## Your objective
Line by line, repeat the data below exactly, beginning at the first line and ending at the line with "- 【Compatible Replacement】Compatible". Omit pictures.

## Data provided
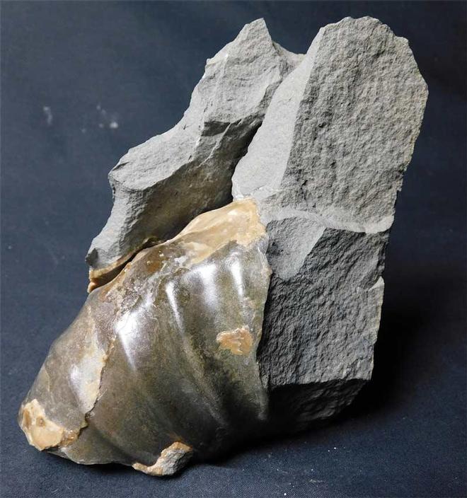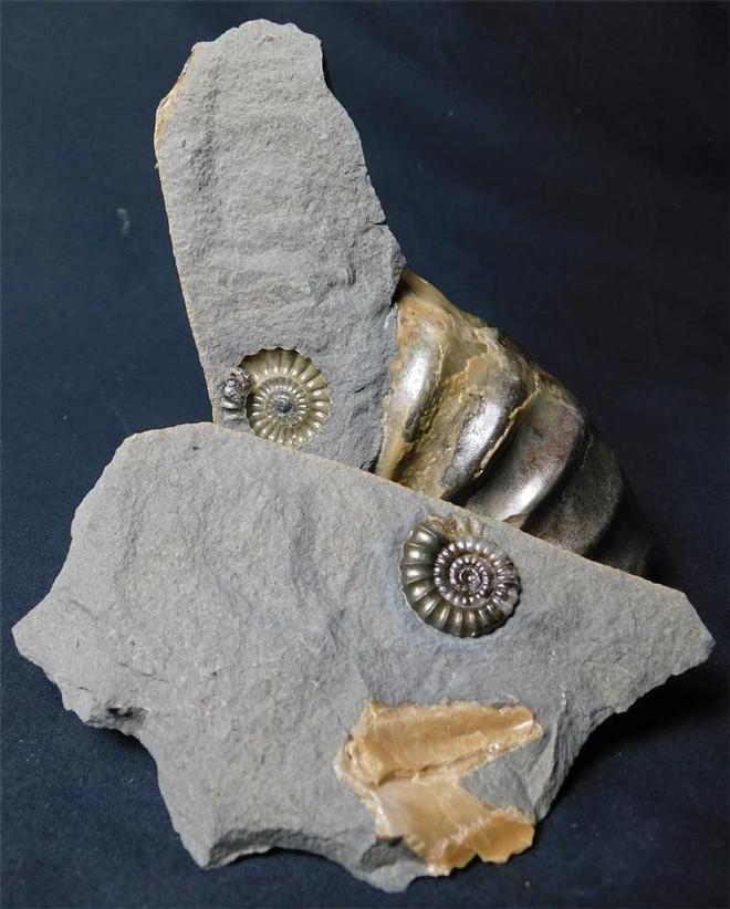 | This really nice and completely unique piece exhibits a high quality solid calcite ammonite and a partial huge Asteroceras obtusum along with its mouth border. Approximately 200 million years old. Discovered in 2002. One for the collector of unusual Lyme Regis fossils. Fossils Direct is a premium collectors website. |
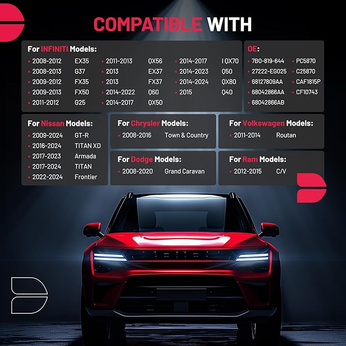 - 【Compatible Replacement】Compatible with Nissan Models: 2009-2024 GT-R, 2016-2024 TITAN XD, 2017-2023 Armada, 2017-2024 TITAN, 2022-2024 Frontier; Compatible with Chrysler Models: 2008-2016 Town Country; Compatible with Dodge Models: 2008-2020 Grand Caravan; Compatible with Volkswagen Models: 2011-2014 Routan; Compatible with Ram Models: 2012-2015 C/V
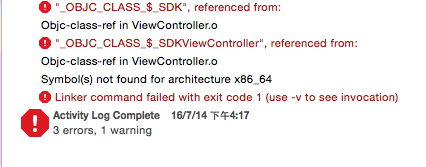 那是因为虚拟机sdk的编译包也有不同的像i386,x86_64,arm,arm64等,这是我们所需要包的Charts.framework不对,这里不细说了,想了解的可以百度i386,x86_64,arm,arm64的区别,这里最简单直接的解决办法是在编译sdk时选择什么虚拟机,那运行时也用什么虚拟机,但如果sdk编译时用5s、6、6 plus、6s、6s plus编译,那么这些的sdk在这些虚拟机上都能通用,这样也不用考虑那么多了。
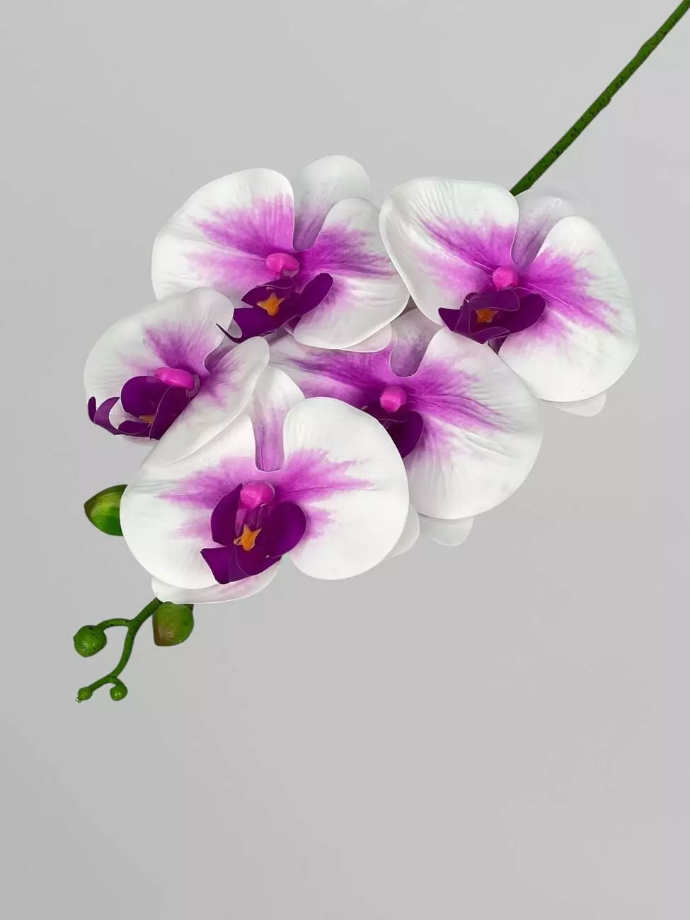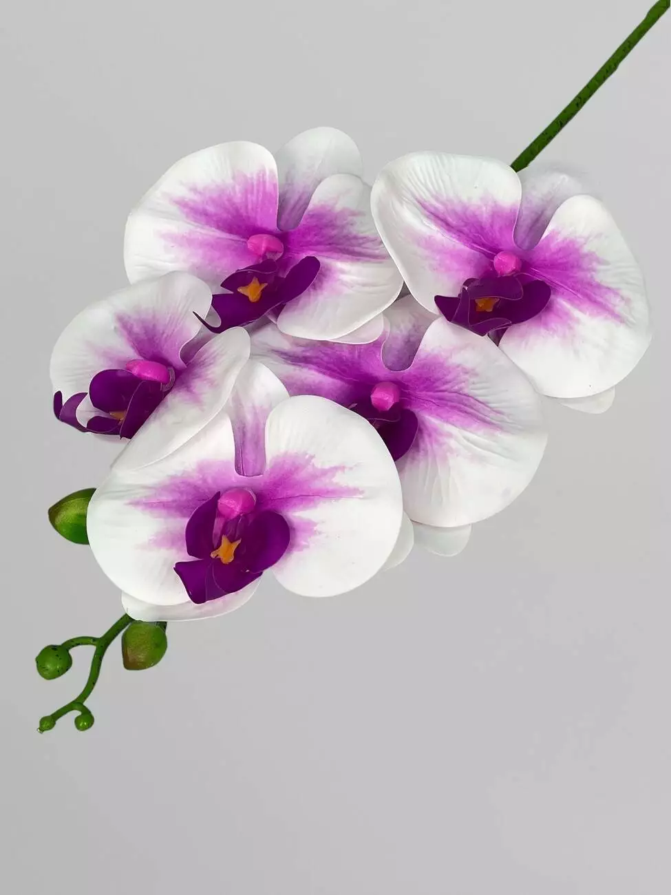 Орхідея Фаленопсіс на 5 суцвіть, білий з фуксійною серединкою, 70 см

## Your response
 | This really nice and completely unique piece exhibits a high quality solid calcite ammonite and a partial huge Asteroceras obtusum along with its mouth border. Approximately 200 million years old. Discovered in 2002. One for the collector of unusual Lyme Regis fossils. Fossils Direct is a premium collectors website. |
 - 【Compatible Replacement】Compatible with Nissan Models: 2009-2024 GT-R, 2016-2024 TITAN XD, 2017-2023 Armada, 2017-2024 TITAN, 2022-2024 Frontier; Compatible with Chrysler Models: 2008-2016 Town Country; Compatible with Dodge Models: 2008-2020 Grand Caravan; Compatible with Volkswagen Models: 2011-2014 Routan; Compatible with Ram Models: 2012-2015 C/V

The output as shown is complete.